8. An optical connector according to any one of claims 5 to 7, characterized in that the second means comprise Justierbohrungen (124).

9. Optical connector according to one of claims 5 to 7, characterized in that the second means comprise V-grooves (1 28).

10. An optical connector according to claim 2, characterized in that the end faces of the holding block (1 1 3) protruding fiber sections (1 20) are laser-processed.

1 1. An optical connector according to one of claims 1 to 10, characterized in that the insert (1 12, 1 12 ') in a housing (1 1 1) is installed.

12. A method for producing a connector (1 10, 1 10 ') according to claim 1, characterized in that in a first step to the connectors belonging to the wire ends (1 15) the optical fibers (1 19) are exposed over a predetermined length in that in a second step the wire ends (1 15) with the exposed fibers (1 19) are introduced into the holding block (1 13) and fixed there, such that the exposed fibers (1 19) are each provided with a fiber section (120). stand out of the holding block (1 13) that in a third step, the protruding fiber sections (120) are processed with a laser cleaving process that in a fourth

Step of the holding block (1 13) with the wire ends (1 15) received therein with a provided expansion device (1 14, 125, 131) to an insert (1 12, 1 12 ') is assembled, and that the insert (1 12, 1 12 ') in a housing (1 1 1) is installed.

13. The method according to claim 12, characterized in that an expansion device (1 14, 125, 131, 139, 139 ') is used, which optical means (1 16, 129, 130, 133, 137, 137') for expanding the comprising the cores (1 15) and that the exposed fiber sections (120) in the assembly of the holding block (1 13) and the expansion device (1 14, 125, 131, 139, 139 ') with respect to the optical means ( 1 16, 129, 130, 133, 137, 137 ') are adjusted.

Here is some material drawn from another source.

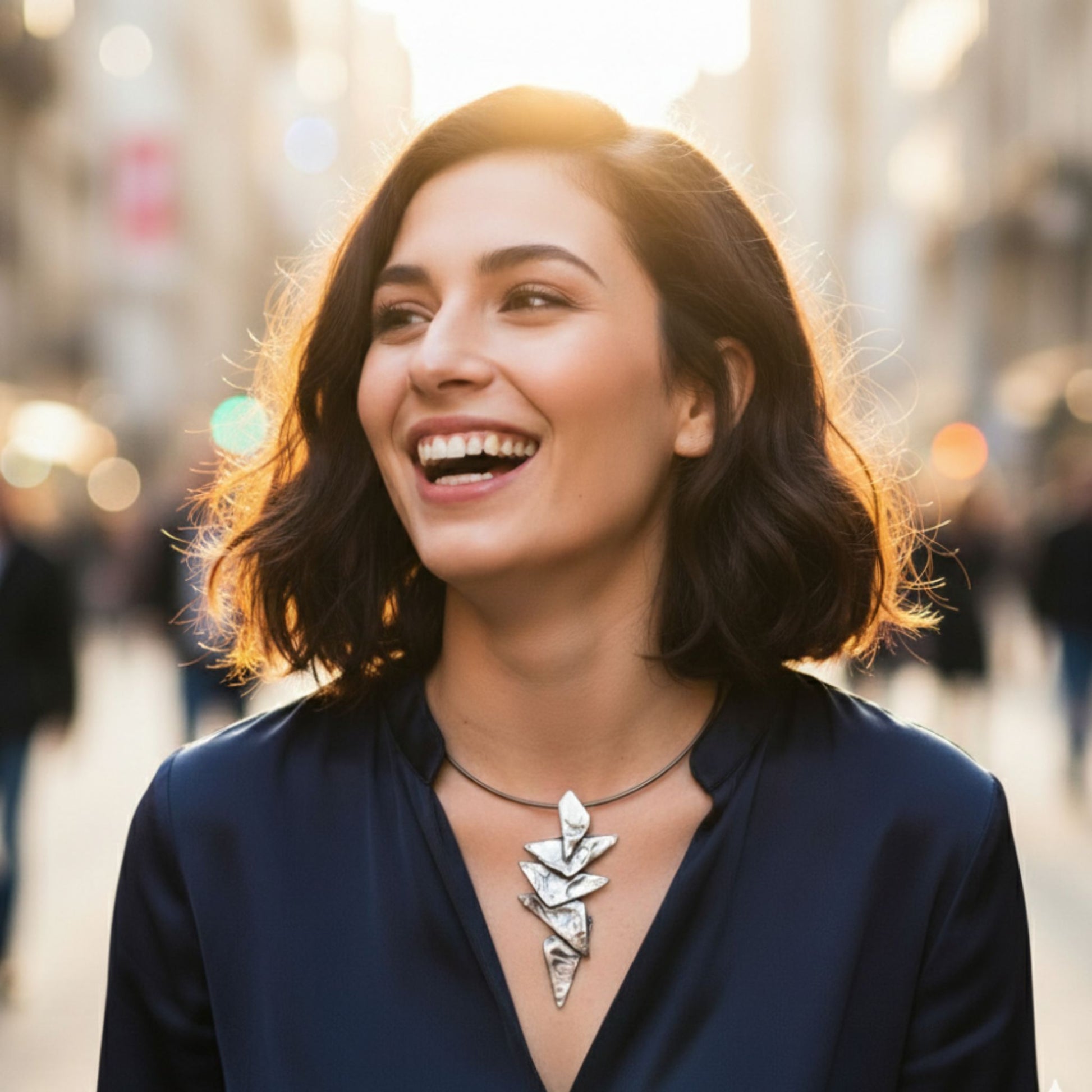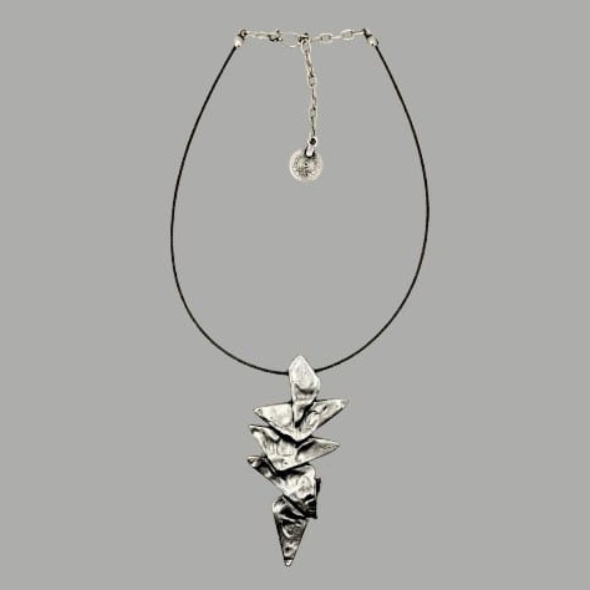 ✨ Un diseño que fusiona geometría y movimiento. Las capas superpuestas del colgante crean un efecto tridimensional, mientras que su forma puntiaguda aporta un toque contemporáneo y atrevido. El diseño minimalista del cordón permite que la pieza central sea la protagonista absoluta.
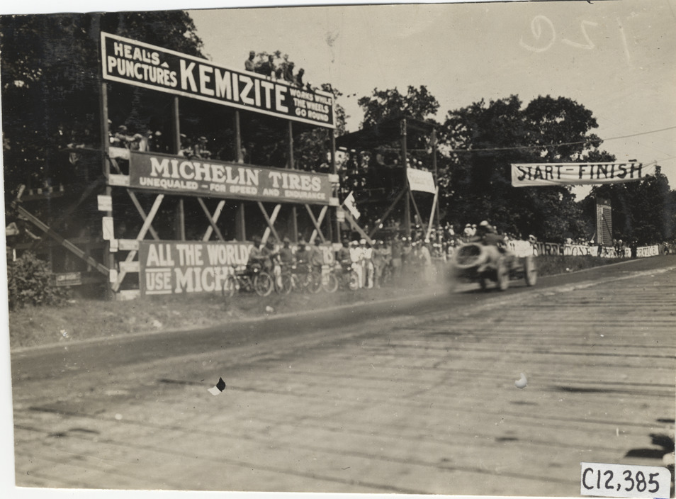 Racecar approaching finish line, 1909 Crown Point races

14. An optical connector system (100), comprising two matched optical connectors (1 10, 1 10 '), which can be releasably connected to each other, characterized in that the two connectors (1 10, 1 10') according to one of claims 1 to 1 1 are formed.

15. An optical connector system according to claim 14, characterized in that the inserts (1 1 2, 1 1 2 ¹ ) of the two connectors (1 10, HO ¹ ) are formed similar.

16. An optical connector system according to claim 14 or 1 5, characterized in that the inserts (1 12, 1 1 2 ') of the two plug connectors (1 10,

1 10 ') are aligned with each other with respect to the optical axes (136) and have a distance (a) from each other.

1 7. Optical connector system according to one of claims 14 to 16, characterized in that the connectors (1 10, 1 10 ') by means of a screw or a bayonet or a snap spring snap lock can be locked together.

18. An optical connector system according to any one of claims 17 or 18, characterized in that the connectors (1 10, 1 10 ') are sealingly locked together.